A Case of Conscience is about a Jesuit priest, Father Ramon Ruiz-Sanchez, who is on an expedition to a planet called Lithia with three other scientists, in order to determine whether or not the planet should be opened up to human trade and/or contact. Despite the fact that Father Ramon appreciates the planet and its reptilian inhabitants, one of whom he befriends, he votes to put the planet under maximum quarantine from Earth’s perspective, meaning they would have absolutely nothing to do with it.
His reasoning, which I think is what made this book famous when it was first published (it did win a Hugo Award after all), is that because the Lithians are uber-logical creatures who base their logic and morality on reason and science alone, the planet must therefore have been created by the Devil himself as a taunt that a rational civilization could exist without God.
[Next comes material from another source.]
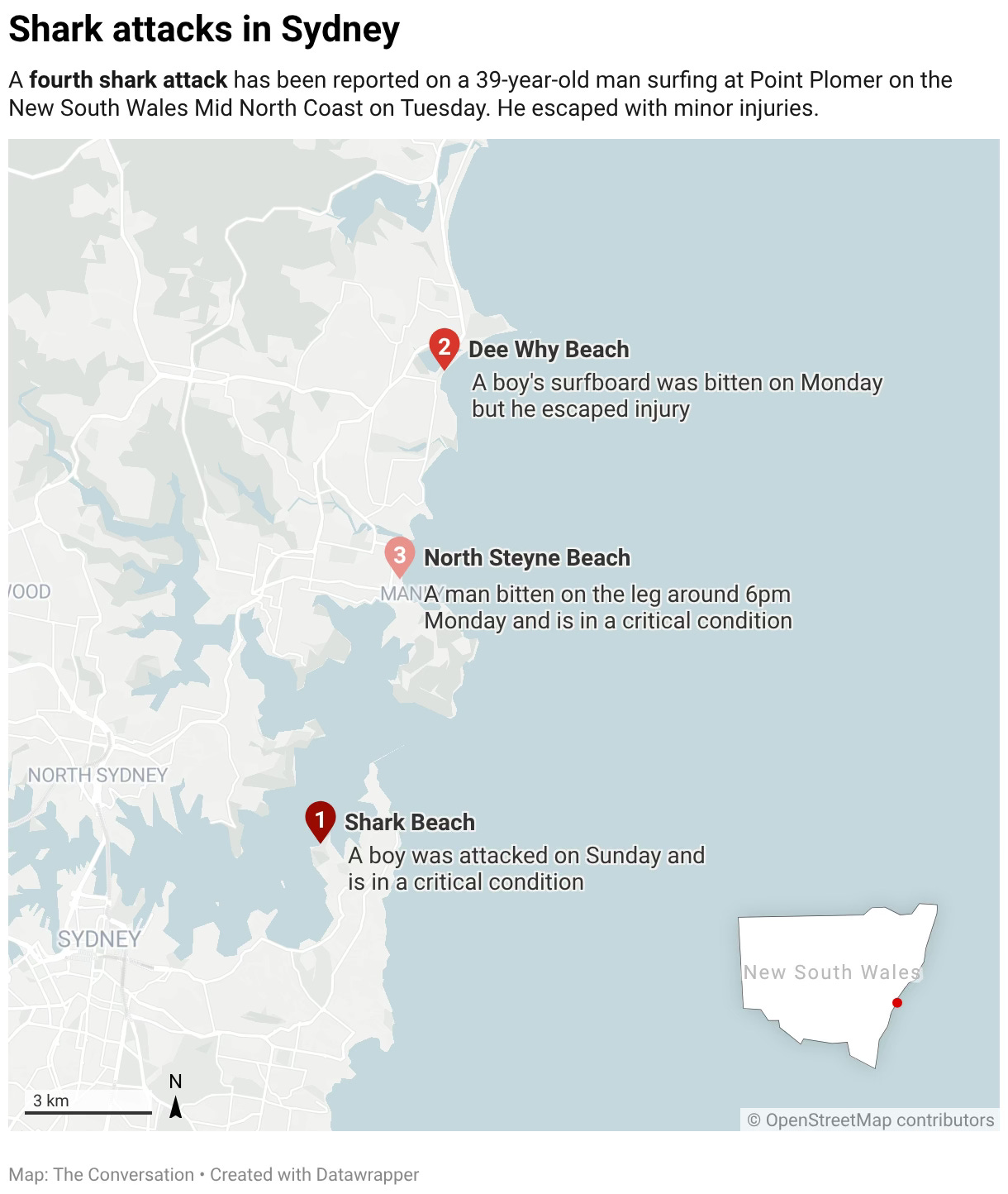 Only a few hours earlier, a shark knocked an 11-year-old boy into the water at Dee Why – just north of Manly – and bit a chunk out of his surfboard. And on Sunday afternoon, a 12-year-old boy was bitten by what authorities believe was a bull shark while swimming at a popular beach in Sydney Harbour. He is still in a critical condition in hospital.
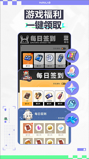 除此之外,用户还可以在HoYoLAB社区中免费获得多种福利。。各种签到活动别忘了点,每天动动手指头,就能攒点原石水晶之类的游戏资源。对零氪和月卡党来说挺香的。有兴趣的自己下来看看吧,反正不要钱。

This assertion is heretical for Father Ramon as he is asserting that the Devil has powers of creation, which should be reserved for God alone.
“Paul, Mike, Agronski, I have nothing more to say than this: We are all of us standing on the brink of Hell. By the grace of God, we may still turn back. We must turn back – for I at least think that this is our last chance.” – Father Ramon to his compatriots.
Reason Masquerading as Good & The Devil’s Temptation
By itself, this aspect of the novel is really interesting and worth diving into a bit to understand Father Ramon’s argument. It reminds me of Sam Harris’ book The Moral Landscape: How Science Can Determine Human Values, which I have yet to read (it’s on my reading list), though I think the title is quite self-explanatory.
Let’s look at Father Ramon’s argument for why Lithia must have been created by the Devil:
“Lithian civilization is so set up as to suggest that one can arrive at such basic axioms of Christianity, and of Western civilization on Earth as a whole, by reason alone – in the plain face of the fact that one cannot.”
“Look at the premises, Mike. One: Reason is always a sufficient guide. Two: The self-evident is always the real. Three: Good works are an end in themselves. Four: Faith is irrelevant to right action. Five: Right action can exist without love. Six: Peace need not pass understanding. Seven: Ethics can exist without evil alternatives. Eight: Morals can exist without conscience. Nine: Goodness can exist without God. Ten – but do I really need to go on? We have heard all these propositions before, and we know What proposes them.” – Father Ramon on reason without faith being the Devil’s work.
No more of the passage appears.